USERRA doesn't address this issue.

We have an employee returning to work soon after military leave. When this newly married employee was sent to Iraq, he left behind a pregnant wife, AND a pregnant girlfriend. The girlfriend is also our employee, and she continues to work here. (Both babies were born during his leave.)

This was an ugly situation between wife and girlfriend. Wife had battery charges and a restraining order against her. Aside from the rampant rumors and each employee on the shift taking the side of the wife or the girlfriend, most of the problems were outside of work.

I have had some contact with the wife while our employee was gone. (I have a casual connection to her since she used to work in the office 2 blocks away from here with my husband. My connection to her certainly does not prevent me from being impartial here, but I felt I needed to explain the reason for our contact.) The wife has expressed a desire that her husband NOT return to work here. Unfortunately, that is exactly what he has chosen.

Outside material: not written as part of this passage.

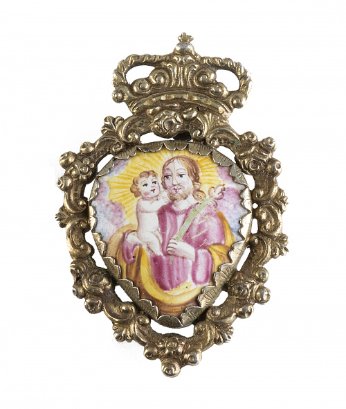8. Colgante devocional S. XVIII con esmalte de San Antonio y el Niño Jesús en esmalte polícromo
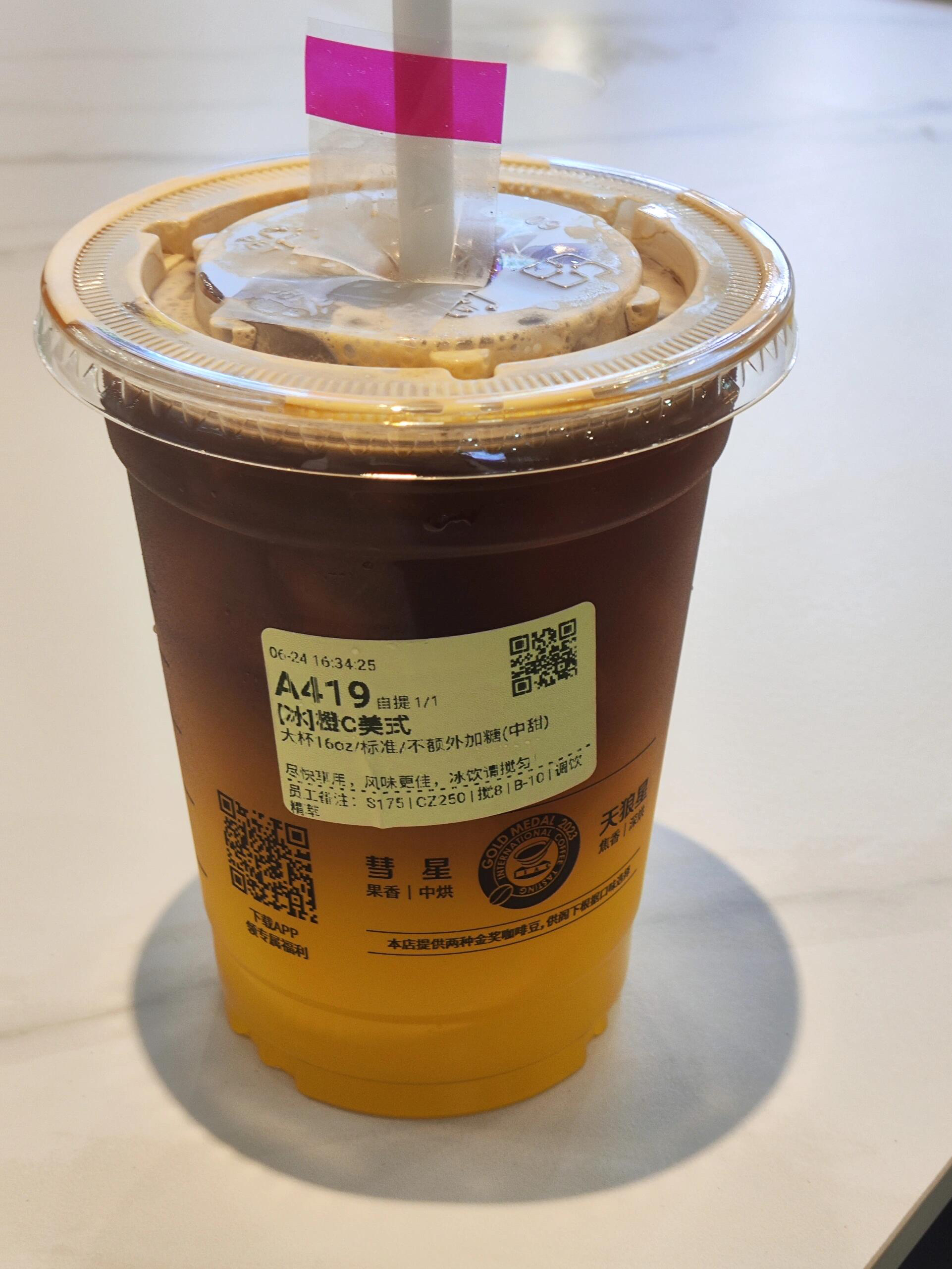 对于不怎么爱喝美式的我来说经过深思熟虑最终点了橙c款。很惊喜!好喝的,甜甜橙汁味,不过对于喝惯无糖美式的人来说应该会偏甜一些。我不怎么爱喝甜的人觉得还能接受,这款甜度比奶茶甜度相比会好一点,很清爽,没有奶茶店果糖的那种齁甜味。 对我来说不搅匀喝会好喝一点,这样果汁味偏多,然 后中间混着一点咖啡的焦香味口感蛮不错的! 不怎么爱喝美式的可以试试这一款!

When he notified me that he plans to return to work in a few weeks, he did ask for a transfer to another shift. That is not an option, and I told him so. (He works on the evening shift and our day shift is full. I have not filled a day position for over a year.) He indicated that there were people on the night shift he should stay away from. We were in a public area when we had this discussion so I could not discuss much more with him. I have asked him to come in next week to take care of any paperwork (return to health insurance, etc.) and I plan to have a conversation with him about this situation then.

Aside from their stupid actions in the past, (and who among us hasn't done something stupid in the past) these are all 3 decent young people. I would like to do what I can to make the return to work a smooth transition for this young man, as well as everyone else. My biggest concern actually is that the wife will come to the workplace and cause problems, but I know that all I can focus on here is what concerns performance at work.

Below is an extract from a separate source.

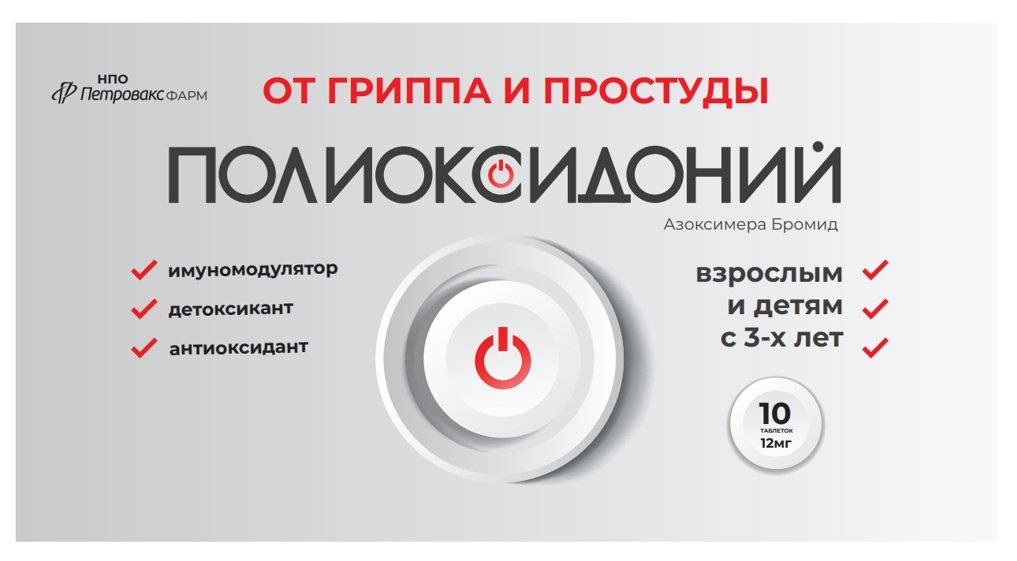 Полиоксидоний — препарат с комплексным механизмом действия для профилактики и лечения гриппа, ОРВИ на любом этапе заболевания с широким выбором форм выпуска для взрослых и детей с 1 года: таблетки, свечи и раствор. Ценовой сегмент: выше среднего (850-1100 рублей — таблетки и свечи, 1400 рублей — раствор). Конкуренты: арбидол, кагоцел, эргоферон и другие.

I think I know how to handle this (one issue at a time as it comes up) but I would love to hear other perspectives and suggestions.

Thank you!

Comments

  • 3 Comments sorted by Votes Date Added
  • Take USERRA totally out of the picture since, you are correct, this soap opera is not addressed there. Treat this situation the same way you would treat it if he were returning after a 12 week FMLA absence, no different in any respect.
  • Good point "Dandy Don", but I would add that she must review the company promotions, wage increases, subjective bonuses, if any, holidays, vacation days and PTO, etc. to insure the soldier is made whole, which would not be required under FMLA.

    You can stand your ground that he must go back into the position that he previously held and that you will review the situation when an opening on the desired shift comes open, a failure to review could also lead to USERRA.

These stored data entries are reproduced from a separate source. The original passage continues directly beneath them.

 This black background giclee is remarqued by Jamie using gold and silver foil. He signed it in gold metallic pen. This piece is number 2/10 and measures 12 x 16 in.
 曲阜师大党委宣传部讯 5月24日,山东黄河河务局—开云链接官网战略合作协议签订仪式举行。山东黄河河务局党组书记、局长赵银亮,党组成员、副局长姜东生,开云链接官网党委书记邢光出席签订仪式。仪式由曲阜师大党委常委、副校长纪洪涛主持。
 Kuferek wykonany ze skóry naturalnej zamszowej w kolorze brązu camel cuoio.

    It can not be viewed as retalitory, if one simply goes from his departure date and block out any negative things that might have happened while the ee was on MLA, and give the ee all positive things that happened while the ee was away.

    His/her old position awaits the arrival of the MLA ee, and the temporary ee hired in the ee's place has been alerted that the pink sheet is on the way, and will land in his/her lap on the day before the MLA ee returns.

    Good luck and may you have a Blessed day and week with the returning MLA ee. We wait two, who want return until July, 2004. With God's Blessing they too will return safe and sound.

    PORK
  • Two new babies, a girlfriend and a wife? I'm kind of surprised he didn't want to extend his tour in Iraq!

    Seriously though, just make sure you treat him as you would any other returning reservist under USERRA and deal separately with the ancillary issues unrelated to the leave. You say that he feels there are people on his old shift he should "stay away from," and I would monitor that situation very closely, because I'm assuming he's concerned about his safety around certain people. As far as the wife is concerned, obviously you have a right to prevent her from coming on your premises if her intent is to do harm.

    Remember, USERRA prevents you from terminating a returning reservist except for cause for a certain period of time after his/her return. However, if sparks begin to fly make sure you're prepared to deal with the situation appropriately.